La principale organisation marocaine de défense des droits de l’homme a réclamé samedi une enquête, au lendemain de la tentative d’entrée de près de 2.000 migrants subsahariens dans l’enclave espagnole de Melilla au cours de laquelle 18 personnes sont mortes, une “tragédie” sans précédent dans le monde.
“Nous appelons à l’ouverture d’une enquête rapide et transparente”, a déclaré à l’AFP Mohamed Amine Abidar, président de la délégation de l’Association marocaine des droits de l’homme (AMDH) à Nador, dans le nord du Maroc.
Selon un récent bilan des autorités marocaines, dix-huit migrants en situation irrégulière sont morts vendredi lors d’une tentative de faire venir environ 2.000 migrants à Melilla, autre drame migratoire aux portes de l’Union européenne (UE).
Côté espagnol, Eduardo de Castro, président de l’enclave de Melilla, la plus haute autorité politique de cette ville autonome, a dénoncé une “réponse disproportionnée” du Maroc à la tentative de forcer le passage des clandestins.
Le calme est revenu samedi à Nador, ville limitrophe de l’enclave espagnole, ainsi qu’autour de la haute clôture de fer qui sépare le territoire marocain de Melilla, selon des journalistes de l’AFP.
Il n’y a aucune trace de migrants dans la ville.
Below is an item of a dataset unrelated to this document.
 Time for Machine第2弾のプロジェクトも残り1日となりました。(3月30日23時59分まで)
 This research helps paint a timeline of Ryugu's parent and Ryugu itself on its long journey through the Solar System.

Selon M. Abidar, “aurait déménagé de peur d’être déplacé par les autorités marocaines”, généralement dans le sud du pays.
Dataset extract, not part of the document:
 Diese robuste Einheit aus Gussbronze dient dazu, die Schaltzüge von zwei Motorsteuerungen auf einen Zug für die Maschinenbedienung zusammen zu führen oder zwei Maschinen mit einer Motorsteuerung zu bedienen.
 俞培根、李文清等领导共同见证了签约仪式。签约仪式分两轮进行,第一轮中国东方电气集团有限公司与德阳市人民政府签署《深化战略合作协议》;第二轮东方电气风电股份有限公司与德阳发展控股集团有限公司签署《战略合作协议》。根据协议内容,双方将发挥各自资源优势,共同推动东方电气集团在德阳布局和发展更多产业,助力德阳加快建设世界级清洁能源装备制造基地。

Un témoin a vu plusieurs bus transportant des migrants à l’extérieur de Nador.
“Réponse disproportionnée”
La situation était également calme du côté espagnol de la clôture de Melilla, selon des images de la télévision publique TVE, qui montraient des ouvriers en train de réparer les dégâts causés à la barrière.
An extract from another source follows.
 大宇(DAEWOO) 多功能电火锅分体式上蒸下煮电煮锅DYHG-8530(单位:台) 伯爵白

“Nous regrettons ce drame humanitaire, avec ces images, qui viennent du Maroc. Ce qui se passe est vraiment scandaleux”, a déploré de Castro.
“Ces (migrants) subsahariens envahissent violemment un territoire, ce n’est pas la première fois, mais le Maroc doit avoir une certaine proportionnalité”, a plaidé le président de Melilla.
Dix-huit migrants en situation irrégulière sont morts vendredi, selon le dernier bilan des autorités marocaines. Treize d’entre eux, grièvement blessés, ont succombé à leurs blessures, a indiqué vendredi soir à l’AFP une source au sein des autorités de la province de Nador.
Les victimes ont été tuées “dans une poussée et une chute de la clôture de fer” qui sépare l’enclave espagnole du territoire marocain, lors “d’un assaut marqué par l’usage de méthodes très violentes par des migrants”, a-t-elle précisé.
En outre, 140 membres des forces de sécurité ont été blessés, dont cinq grièvement.
De plus, vendredi 130 migrants ont réussi à entrer à Melilla depuis le Maroc. Un seul d’entre eux reste hospitalisé, selon des sources à la préfecture espagnole.
Enquête internationale
Le président de la section AMDH de Nador a refusé de quantifier le nombre de morts, mais « pense que cela va augmenter le bilan ».
Selon l’ONG Caminando Fronteras, spécialiste des migrations entre l’Afrique et l’Espagne, cela signifierait 27 morts.
L’association espagnole a réclamé samedi dans un communiqué “l’ouverture immédiate d’une enquête judiciaire indépendante tant au Maroc qu’en Espagne, et à l’international pour faire la lumière sur ce drame humain”.
Situées sur la côte nord du Maroc, Melilla et l’autre enclave espagnole de Ceuta sont les seules frontières terrestres de l’UE sur le continent africain et font régulièrement l’objet de tentatives d’entrée de migrants cherchant à rejoindre “l’Europe”.
Les médias espagnols avaient déjà fait état ces derniers jours d’affrontements entre clandestins et policiers dans la zone frontalière de Melilla.
Selon M. Abidar, de l’AMDH, “la principale cause de cette catastrophe est la politique migratoire menée par l’Union européenne en coopération avec le Maroc”.
Cette tentative d’entrée massive dans l’une des deux enclaves espagnoles est la première depuis la normalisation des relations entre Madrid et Rabat mi-mars, après une querelle diplomatique de près d’un an.
Juste avant la réconciliation entre les deux pays, Melilla avait été le théâtre début mars de plusieurs tentatives d’entrée massives, dont la plus importante jamais enregistrée dans cette enclave qui compte quelque 2 500 migrants. Près de 500 avaient réussi.